Fidelis Insurance Holdings Limited has successfully placed a new catastrophe bond to bolster its reinsurance protections against major seismic events.
The global specialty insurer announced today that its subsidiary, Fidelis Insurance Bermuda Limited, closed the transaction through the issuance of Series 2026-1 Class A Principal-at-Risk Variable Rate Notes.
This marks the eighth series of notes issued under the Herbie Re Ltd. program, continuing a long-standing strategy of leveraging the capital markets for risk transfer.
The $75 million issuance will provide Fidelis Insurance Group with annual aggregate, industry-loss triggered protection against losses from earthquakes affecting the United States and the District of Columbia. This source of collateralized retrocessional reinsurance protection will cover the company over an almost four-year term, scheduled to run through the end of 2029.
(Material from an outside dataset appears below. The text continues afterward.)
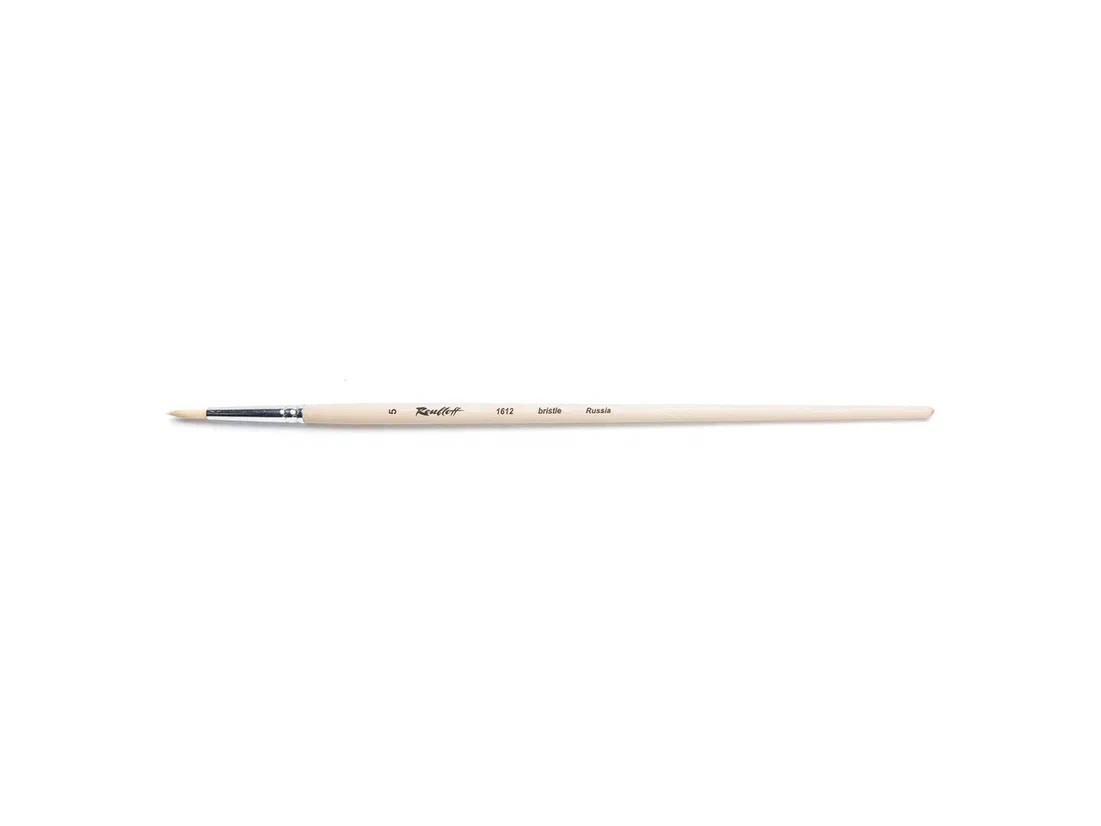 Roubloff Кисть щетина серия 1612 №5 круглая пропитанная лаком белая обойма длинная ручка
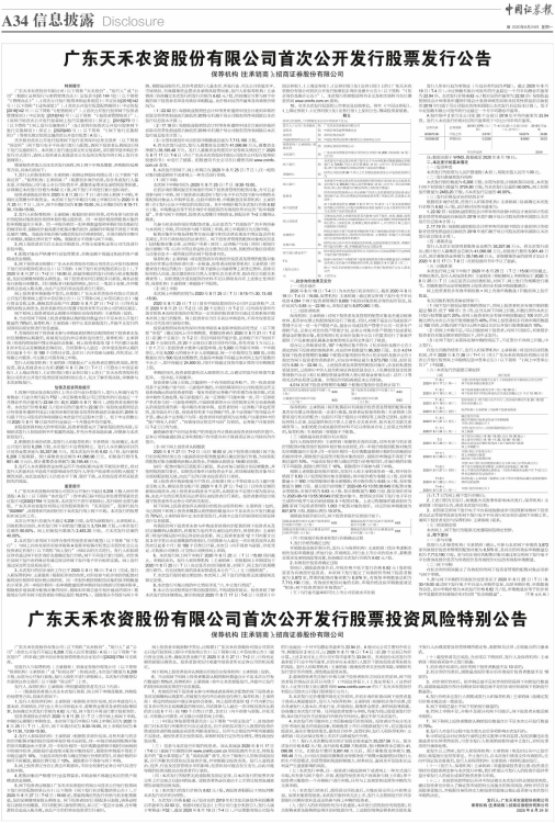 广东天禾农资股份有限公司首次公开发行股票投资风险特别公告

The successful placement of this bond demonstrates the continued appetite among institutional investors for high-quality insurance-linked securities (ILS). It also highlights Fidelis's disciplined approach to risk selection and capital allocation in an evolving reinsurance landscape.
The move follows a busy year for the specialty insurer, which was recently highlighted when Fidelis achieved a record combined ratio and grew premiums in its Q3 2025 results.
Ian Houston (pictured), chief underwriting officer at Fidelis Insurance Group, noted that the issuance builds on the sustained success of the Herbie Re program. “Building on the success of our Herbie Re Catastrophe Bond program, we are pleased to announce the latest issuance for Fidelis Insurance Group,” Houston said.
“Catastrophe bonds remain a crucial element of our comprehensive capital management and external protection framework, delivering substantial capital efficiency and robust protection against severe events.”
He added that this new issuance extends coverage across the company's entire portfolio, including business written through The Fidelis Partnership and other new underwriting partnerships.
This expansion is part of the group's broader strategy to capitalize on favorable risk-reward opportunities, a vision that was also advanced when The Fidelis Partnership launched a consortium to insure AI data center construction.
The new bond further strengthens Fidelis’s holistic reinsurance strategy, which already utilizes a mix of quota share agreements, excess of loss treaties, and industry loss warranties (ILWs).
By diversifying its sources of capital protection, the group ensures that its balance sheet remains resilient against severe and unpredictable catastrophe losses.
The Series 2026-1 catastrophe bond was officially priced on January 16, 2026, and successfully closed on January 22, 2026. Aon Securities LLC played a pivotal role in bringing the deal to market, acting as the Sole Structuring Agent and Sole Bookrunner for the transaction. Legal counsel for Fidelis Insurance Group and Herbie Re was provided by Willkie Farr & Gallagher (UK) LLP.